When you take a breath, the air travels through your nose or mouth down the trachea. From here, it moves into the primary bronchi, which branch into smaller secondary bronchi, then tertiary bronchi, and finally into the bronchioles. Bronchioles lead directly to tiny alveoli, where the gas exchange occurs.

Now, the airway walls contain smooth muscle cells and elastic tissue that help them open and return to their shape as we breathe.

The lining of the airways includes epithelial cells with tiny brush-like projections called cilia and goblet cells that produce sticky mucus. The mucus traps dust and other unwanted particles; while the cilia move together in coordinated waves, pushing the mucus and trapped particles toward the throat. This system, known as the mucociliary escalator, allows us to either swallow or cough out foreign particles. And if the mucus traps a pathogen, immune cells in our airways step in to eliminate the threat.

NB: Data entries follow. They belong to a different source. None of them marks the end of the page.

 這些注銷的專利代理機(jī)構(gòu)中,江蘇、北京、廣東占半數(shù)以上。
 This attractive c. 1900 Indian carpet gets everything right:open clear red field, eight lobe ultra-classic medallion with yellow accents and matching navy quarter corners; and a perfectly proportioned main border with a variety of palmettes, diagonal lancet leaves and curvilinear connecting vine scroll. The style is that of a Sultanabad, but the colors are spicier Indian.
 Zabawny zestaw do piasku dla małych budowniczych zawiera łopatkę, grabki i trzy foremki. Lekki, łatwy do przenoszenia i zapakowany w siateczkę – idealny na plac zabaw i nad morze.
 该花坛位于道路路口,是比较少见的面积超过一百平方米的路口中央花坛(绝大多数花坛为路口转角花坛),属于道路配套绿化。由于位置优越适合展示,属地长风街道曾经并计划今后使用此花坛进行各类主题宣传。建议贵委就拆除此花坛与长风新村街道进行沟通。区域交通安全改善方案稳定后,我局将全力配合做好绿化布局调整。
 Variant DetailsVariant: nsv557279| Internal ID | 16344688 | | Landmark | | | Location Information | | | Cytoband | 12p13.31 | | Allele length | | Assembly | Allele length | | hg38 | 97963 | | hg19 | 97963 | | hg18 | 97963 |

Now, asthma develops when the immune system in the airways becomes hypersensitive and overreacts to triggers that should be harmless. Based on the underlying cause, asthma can be classified as atopic- and non-atopic asthma.

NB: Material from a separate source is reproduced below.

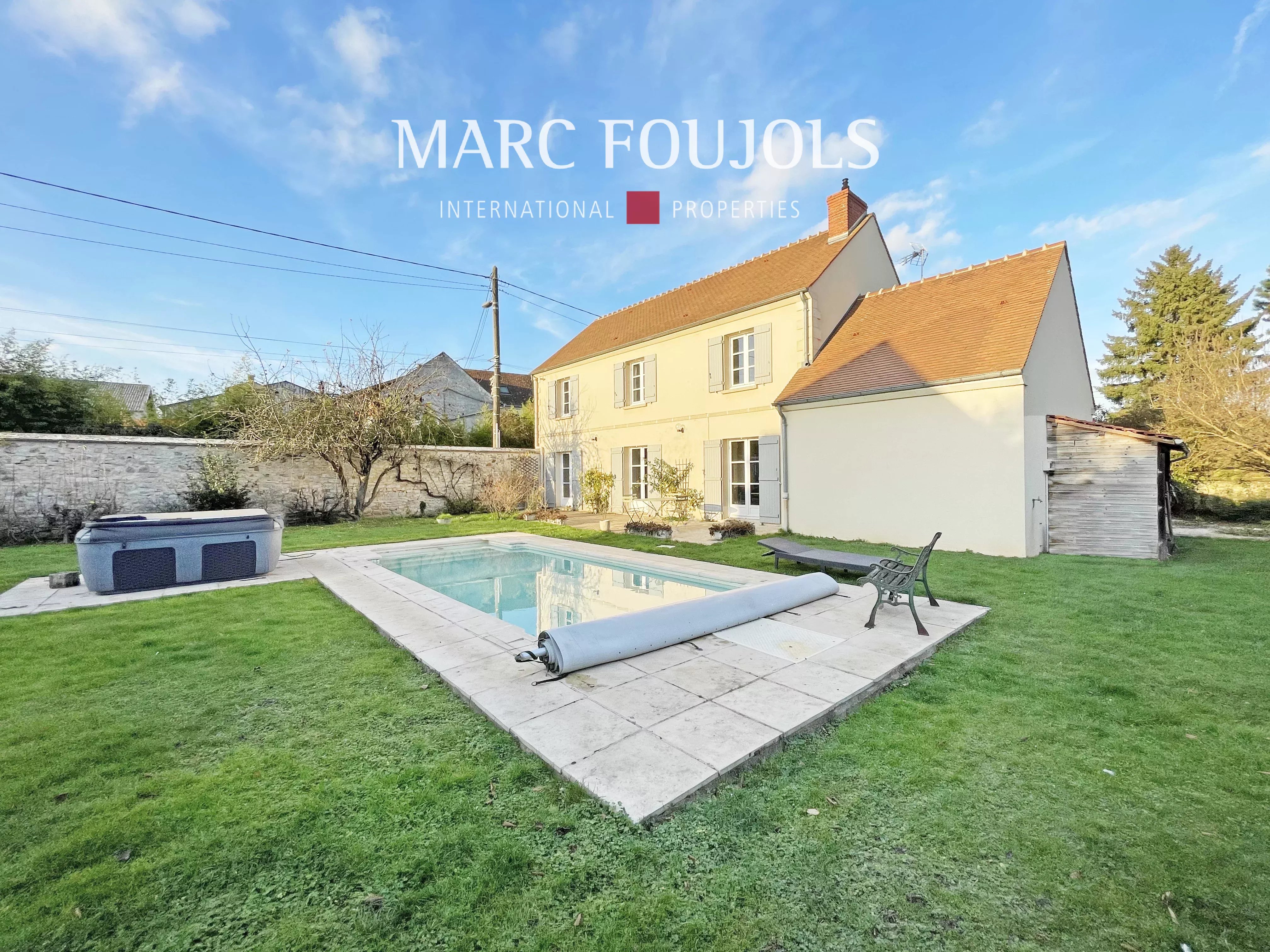 L’agence Marc Foujols vous propose cette élégante maison familiale avec piscine, située au cœur d’un village calme et recherché disposant d’une école primaire, à proximité immédiate des commerces, des transports et de la gare SNCF. La maison s’ouvre sur une entrée raffinée avec vestiaire, menant à un vaste salon–salle à manger baigné de lumière grâce à son exposition sud-ouest, sublimé par un sol en travertin et une cheminée. La cuisine aménagée, bénéficiant de la même orientation, profite d’une luminosité optimale tout au long de la journée. Un bureau ou une chambre en rez-de-chaussée complète ce niveau. À l’étage, un palier dessert quatre chambres confortables, une salle de bains ainsi qu’une salle de douche. À l’extérieur, le terrain entièrement clos de murs en pierre offre un cadre intime et chaleureux, agrémenté d’une piscine idéalement orientée plein sud.Détails

Atopic asthma, also known as allergic asthma, is the most common type of asthma. It usually begins when someone breathes in allergens like pollen or dust mites. Instead of ignoring these harmless substances, the immune system identifies them as threats. As a result, antigen-presenting cells in the respiratory mucosa capture the allergen through a process called phagocytosis and break it down. Next, they present some of its fragments, known as antigens, on their surface. It’s their way of signaling to the immune system: “We have an intruder!” Using these antigens, they alert Th2 cells to release pro-inflammatory cytokines called interleukins, which signal other immune cells to jump into action.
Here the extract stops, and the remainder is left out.